CPA REQUIREMENTS FOR FIRMS - S.B. 1238-1241: ENROLLED ANALYSIS



Senate Bill 1238 through 1241 (as enrolled) - PUBLIC ACTS 333 through 336 of 2000

Sponsor: Senator Bev Hammerstrom (S.B. 1238) -

Senator Dale L. Shugars (S.B. 1239) -

Senator Thaddeus G. McCotter (S.B. 1240) -

Senator Bill Schuette (S.B. 1241) -

Senate Committee: Economic Development, International Trade and Regulatory Affairs

House Committee: Insurance and Financial Services


Date Completed: 1-30-01


RATIONALE


The Uniform Accountancy Act is a model law developed by the American Institute of Certified Public Accountants and the National Association of State Boards of Accountancy to provide a uniform approach to the regulation of the accounting profession. In May 1997, a joint committee of these bodies issued a report that provided numerous recommendations for improving the state-based regulatory system for the accounting profession. One of the recommendations called for a simple majority, instead of at least two-thirds, of owners of a CPA firm to be CPAs.


According to the Department of Consumer and Industry Services, a number of changes in the practice and corporate structure of certified public accountant (CPA) firms have occurred in recent years. As the business community evolves into the global market, CPA firms are expanding their scope of practice well beyond the traditional accounting, auditing, and taxation services to offer a broader range of services such as personal finance planning, technology consulting, and management. As a result, CPA firms are employing more individuals who have expertise and knowledge in these fields but are not necessarily licensed CPAs. Many people believe that this new focus of diversified services should be reflected in the structure of these CPA firms, and that some of the restrictions regarding the organization of accounting firms were no longer desirable or necessary.



CONTENT


The bills amended various laws regarding the ownership of accounting firms to delete requirements that at least two-thirds of the owners be CPAs.


Senate Bill 1238 amended the Michigan Limited Liability Company Act to delete a provision that permitted a professional limited liability company to engage in the practice of public accounting if at least two-thirds of the equity and voting rights of the professional limited liability company were held by individuals licensed as CPAs in Michigan or another state or the equivalent in another licensing jurisdiction acceptable to the Board of Accountancy.

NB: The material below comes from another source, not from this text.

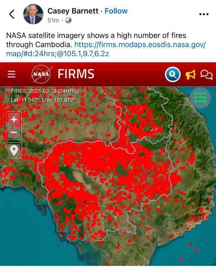 (ភ្នំពេញ)៖ ក្នុងរយៈពេលប៉ុន្មានថ្ងៃចុងក្រោយនេះ ក្រសួងបរិស្ថានបានកត់សម្គាល់ ឃើញមានការផ្សព្វផ្សាយដោយវេបសាយឧតុនិយមណាមួយនោះ និងការចែករំលែកនូវព័ត៌មានអំពីករណីភ្លើងឆេះ hotspot ដោយយកផែនទីមាត្រដ្ឋានតូច មិនអាចកំណត់បានថាជាកន្លែងណាមួយឱ្យច្បាស់លាស់នោះទេ ហើយព័ត៌មាននិងរូបភាពមិនពិតនេះ បានថតចម្លងតគ្នា ធ្វើឱ្យមានការភាន់ច្រឡំនូវការពិតជាក់ស្ដែង កំពុងកើតមាននៅប្រទេសកម្ពុជា ព្រោះឃើញថាហាក់បីដូចជាកម្ពុជាទាំងមូល ត្រូវបានឆេះក្រហមឆ្អៅ។

Senate Bill 1239 amended the Occupational Code to provide that a simple majority (rather than two-thirds) of the equity and voting rights of a public accounting firm must be held by individuals who are licensed as CPAs in Michigan or another state or the equivalent in another jurisdiction acceptable to the Board.


Senate Bill 1240 amended the Professional Service Corporation Act to delete a provision that permitted a professional corporation to engage in the business of public accounting if at least two-thirds of the shareholders were licensed in good standing as CPAs of this or another state or the equivalent in another licensing jurisdiction acceptable to the Board of Accountancy, and all other shareholders were licensed or legally authorized to render a professional service offered by the corporation.

Senate Bill 1241 amended the Michigan Limited Liability Company Act to delete services rendered by a certified or other public accountant from the definition of "services in a learned profession".


(The Act provides that a limited liability company formed to provide services in a learned profession, or more than one learned profession, must comply with Article 9 of the Act. Article 9 addresses professional limited liability companies and includes certified or other public accountants under the definition of "professional service".)


MCL 450.4904 (S.B. 1238)

339.728 (S.B. 1239)

450.224 (S.B. 1240)

450.4102 (S.B. 1241)


ARGUMENTS


(Please note: The arguments contained in this analysis originate from sources outside the Senate Fiscal Agency. The Senate Fiscal Agency neither supports nor opposes legislation.)


Supporting Argument

The bills recognize that CPA firms are expanding their services and need to employ a significant number of non-CPAs to provide valuable related services such as financial planning and technology consulting, in order to satisfy new and existing clients and the public. The bills do not change the scope of practice of the accounting profession but allow accounting firms to provide more flexibility in the structure and organization of their business, and give non-CPAs a greater opportunity to become partners, officers, and shareholders of an accounting firm.


Also, updating the laws regarding the organization and structure of CPA firms conforms to changes recommended by the joint committee of the professional accountancy organizations.


FISCAL IMPACT


The bills will have no fiscal impact on State or local government.


- Fiscal Analyst: M. TyszkiewiczA9900\s1238ea

This analysis was prepared by nonpartisan Senate staff for use by the Senate in its deliberations and does not constitute an official statement of legislative intent.